──────── Records

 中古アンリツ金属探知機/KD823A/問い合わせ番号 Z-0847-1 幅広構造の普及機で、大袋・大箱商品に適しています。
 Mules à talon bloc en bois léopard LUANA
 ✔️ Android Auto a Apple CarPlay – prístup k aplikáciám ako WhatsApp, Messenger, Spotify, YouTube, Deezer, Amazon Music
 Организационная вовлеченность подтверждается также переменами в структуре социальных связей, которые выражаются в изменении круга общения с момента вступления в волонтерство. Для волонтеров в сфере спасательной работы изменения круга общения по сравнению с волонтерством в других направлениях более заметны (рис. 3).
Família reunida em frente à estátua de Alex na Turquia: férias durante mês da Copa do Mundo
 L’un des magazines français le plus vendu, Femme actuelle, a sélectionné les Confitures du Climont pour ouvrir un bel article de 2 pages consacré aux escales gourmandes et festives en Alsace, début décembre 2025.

────────────────
──────── Records

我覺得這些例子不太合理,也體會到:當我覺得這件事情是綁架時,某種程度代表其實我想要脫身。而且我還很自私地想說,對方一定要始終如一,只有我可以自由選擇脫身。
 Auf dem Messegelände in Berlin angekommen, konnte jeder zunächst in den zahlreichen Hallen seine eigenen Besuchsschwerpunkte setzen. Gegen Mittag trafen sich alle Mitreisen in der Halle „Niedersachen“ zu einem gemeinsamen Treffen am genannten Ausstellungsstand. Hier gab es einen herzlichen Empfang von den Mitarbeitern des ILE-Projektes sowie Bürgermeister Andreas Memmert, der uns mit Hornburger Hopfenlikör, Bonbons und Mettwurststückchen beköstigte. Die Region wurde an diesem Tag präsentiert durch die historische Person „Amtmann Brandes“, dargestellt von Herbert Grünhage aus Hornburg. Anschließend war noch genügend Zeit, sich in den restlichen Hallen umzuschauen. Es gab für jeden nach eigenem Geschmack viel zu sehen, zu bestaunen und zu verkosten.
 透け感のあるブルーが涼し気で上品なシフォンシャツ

────────────────
──────── Records

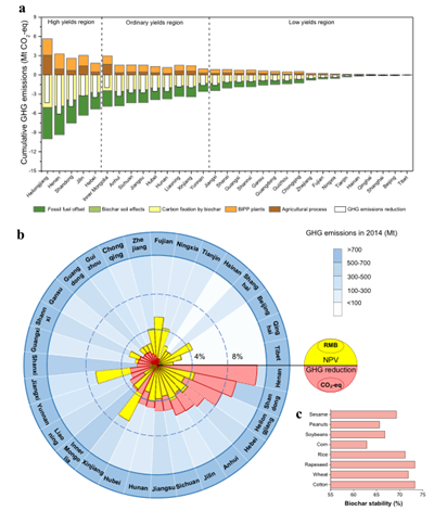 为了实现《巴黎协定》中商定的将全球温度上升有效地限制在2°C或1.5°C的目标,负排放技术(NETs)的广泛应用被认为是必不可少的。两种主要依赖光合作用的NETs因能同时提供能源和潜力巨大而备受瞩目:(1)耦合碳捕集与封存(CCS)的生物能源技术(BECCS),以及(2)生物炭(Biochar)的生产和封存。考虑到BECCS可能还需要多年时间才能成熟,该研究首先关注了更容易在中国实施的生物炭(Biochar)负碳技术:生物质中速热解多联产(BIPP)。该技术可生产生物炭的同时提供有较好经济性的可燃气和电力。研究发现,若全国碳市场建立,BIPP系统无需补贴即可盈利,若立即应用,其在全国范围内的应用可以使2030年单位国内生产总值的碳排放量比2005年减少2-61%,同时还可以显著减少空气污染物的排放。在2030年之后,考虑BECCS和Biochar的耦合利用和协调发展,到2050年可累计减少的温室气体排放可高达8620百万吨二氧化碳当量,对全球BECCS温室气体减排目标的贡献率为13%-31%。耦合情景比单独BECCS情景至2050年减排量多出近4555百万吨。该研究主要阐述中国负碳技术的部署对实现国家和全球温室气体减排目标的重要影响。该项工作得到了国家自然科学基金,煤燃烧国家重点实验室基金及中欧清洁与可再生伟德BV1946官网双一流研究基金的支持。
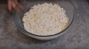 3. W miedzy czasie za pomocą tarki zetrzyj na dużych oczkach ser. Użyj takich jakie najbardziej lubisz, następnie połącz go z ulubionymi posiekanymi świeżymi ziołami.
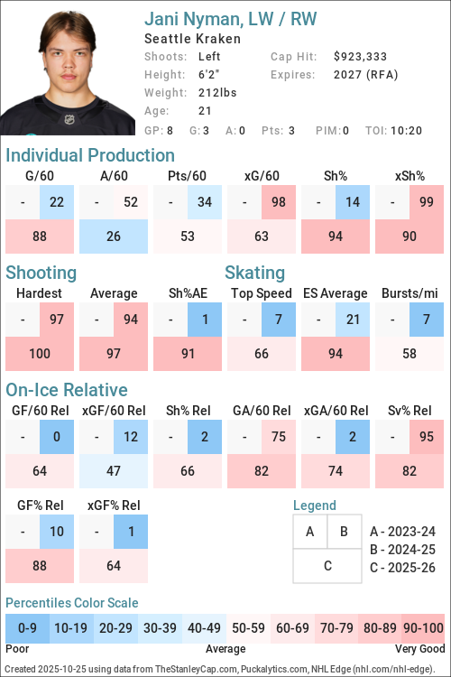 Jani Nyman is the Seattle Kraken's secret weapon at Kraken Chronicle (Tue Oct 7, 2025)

────────────────

Would you print exactly and only the lines of the material above that run from the line with "中古アンリツ金属探知機/KD823A/問い合わせ番号 Z-0847-1 幅広構造の普及機で、大袋・大箱商品に適しています。" through the line with "Deezer, Amazon Music", both included?

• [Exercise answer]
 中古アンリツ金属探知機/KD823A/問い合わせ番号 Z-0847-1 幅広構造の普及機で、大袋・大箱商品に適しています。
 Mules à talon bloc en bois léopard LUANA
 ✔️ Android Auto a Apple CarPlay – prístup k aplikáciám ako WhatsApp, Messenger, Spotify, YouTube, Deezer, Amazon Music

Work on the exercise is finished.